Graver agreed with him, but he didn’t say so. He could hardly keep his thoughts on what Westrate was saying. He needed to get to Kepner. When Dean Burtell heard about this he was going to do something. Whatever was happening here, it didn’t look good for Burtell.
“You don’t believe it was a heart attack,” Graver said, trying to think in two directions at once.
Westrate’s eyes widened slightly as he tilted his head downward until he was again glowering at Graver from under his woolly eyebrows.
“Heart attack.” His voice was a mixture of anger and disdain. He was looking over his clasped hands, his two meaty fists gripping each other so tightly that Graver imagined them suddenly bursting and squirting all over the desk like tomatoes. “I don’t care if we find a living, breathing witness to Tisler’s suicide and the guy swears on a Bible that Tisler shot himself. I don’t care if we find a witness who saw Ray Besom fishing, saw him suddenly grabbing his chest and gasping and falling down in the goddamn water. I don’t care if we KNOW that’s exactly how they both died… it by God… looks… SUSPICIOUS!”
Dramatically jerking his head from side to side for emphasis as he spoke these last words, Westrate literally spewed spittle as he hissed “suspicious.” His face was as pink as a pistachio pod, and Graver could see even his scalp flushing through his thinning hair.
“HO-ly JE-sus!” Westrate exclaimed, falling back into his chair. Then suddenly he was up, jamming his hands into his pockets and stalking around his desk to the open door of his office where he stood looking out into the dark anteroom, jangling the change in his pockets.
Westrate’s histrionics were wasted on Graver, who could only think of Burtell and of how critical it was to be close to him now. He wished to God he had asked for taps the first time he spoke to Kepner. At that time Ginette would have been at work and, as it turned out, Burtell wouldn’t have been at home either. Kepner’s people would have had plenty of time. Graver looked at his watch. He had to get out of Westrate’s office.
“What do you want from me, Jack?” he asked.
Westrate didn’t answer immediately, but when he turned around Graver was disconcerted to see that his wrath had physically altered his features. His eyes were puffy, and pasty swags of flesh were forming beneath them; his cheeks, normally taut with obesity, now appeared swollen with a scattering of unhealthy, livid blotches. He unhurriedly closed the door to his office and came over and gave a quick jerk to the other chair in front of his desk and sat down in it facing Graver, his short log-like legs spread out.
“What do you think about all this?” he asked. His voice was uncharacteristically quiet, and for the first time ever Graver saw an expression on his face that conveyed, however slightly, a vague vulnerability.
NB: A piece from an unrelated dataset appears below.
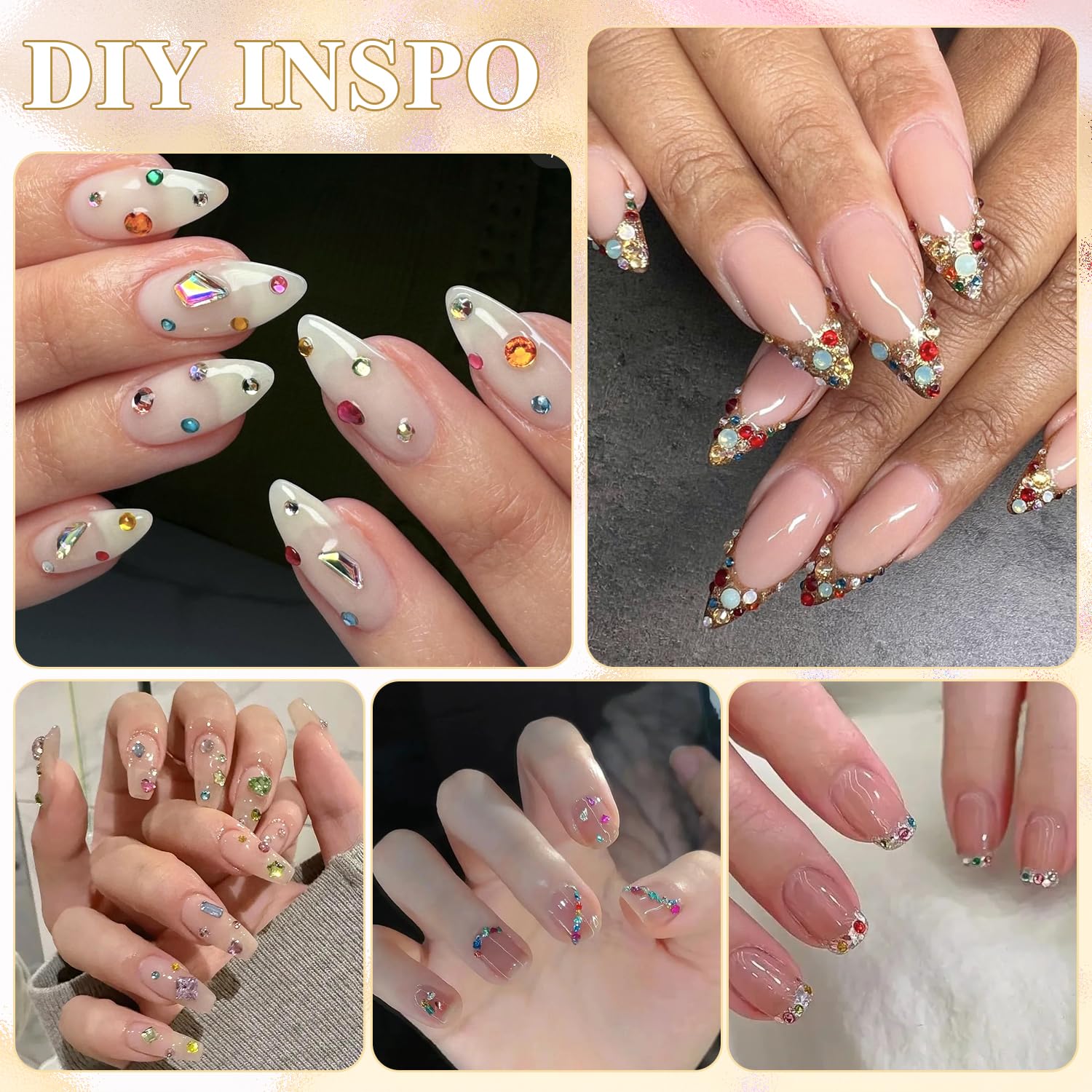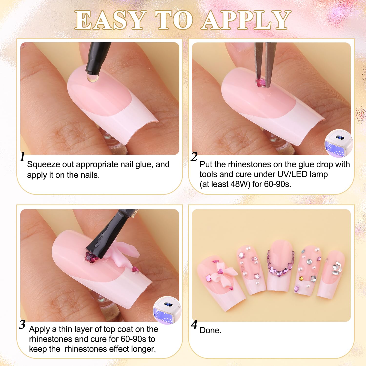 - Package Includes -- One package includes 3000 pcs multi shapes(1.2-3 mm) and 1700 pcs round(1.5-2.5 mm) mini nail gems, one tweezer and one pick-up pencil. The nail kit with sufficient quantity of rhinestones can easily meet your nail design needs at home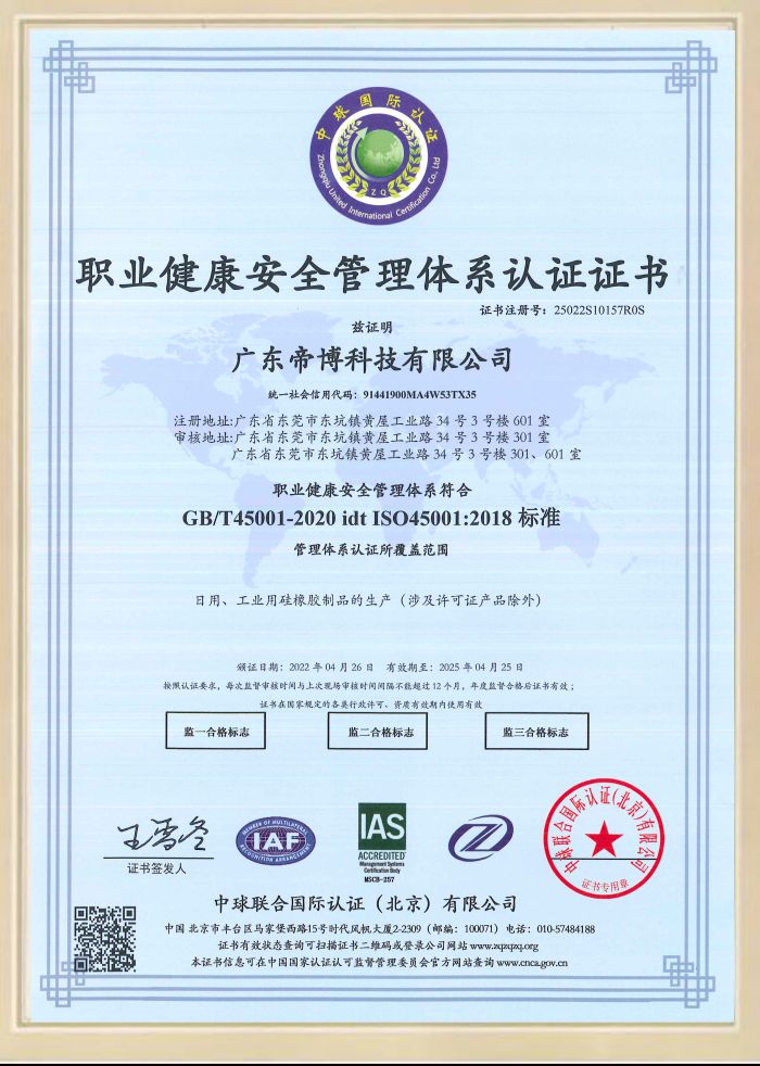 廣東帝博科技有限公位于2019年起施行每年檢測認(rèn)證報告,由于硅膠制品行業(yè)屬于環(huán)保安全行業(yè),客戶的需求以及反饋都決定我們的實力,目前我司已認(rèn)證ISO9001、ISO14001、ISO45001、迪士尼認(rèn)證、FDA、ROHS、LFGB、CPC等一系列檢測認(rèn)證

Graver braced himself. He could see that Westrate was at his wit’s end, and he guessed the assistant chief was beginning to imagine, to see the foreshadowing of plots against him, against his career. What Westrate wanted was for Graver to say it first. He wanted to hear Graver say that something was wrong here.
“I think Tisler killed himself,” Graver said. “And I doubt if we’ll ever know why. And, until another autopsy proves otherwise, I’m going to assume Besom had a heart attack.”
Westrate’s face fell. “That’s it?”
“That’s what I think,” Graver said.
“These two deaths are exactly what they appear to be?” His voice rose with incredulity.
“I’ve got to think so in the absence of any evidence that indicates otherwise.”
“But just the fact that they died so close together… that doesn’t make you suspicious?”
“As a matter of fact it does…” Graver said.
Westrate’s eyebrows lifted in anticipation.
“…but I think we’ve got to be careful, Jack. I think we’ve got to be suspicious of our suspicions. It would be too damn easy to read something into these events that the facts don’t support” He paused and looked at Westrate. “You ever heard of ‘Occam’s razor’?”
Westrate stared at him.
“William of Occam was a fourteenth-century English philosopher who stated a kind of commonsense principle regarding lines of inquiry into the truth of a situation. It was stated in Latin, but translated it means: ‘Plurality must not be posited without necessity.’ A modern rendering might be, ‘An explanation of the facts should be no more complicated than necessary,’ or ‘Among competing hypotheses, favor the simplest one.’ Occam’s razor advocated cutting away all the unnecessary considerations that can clutter up a line of inquiry and sticking to the simplest theory consistent with the facts.”
Westrate’s expression portrayed a disgruntled impatience.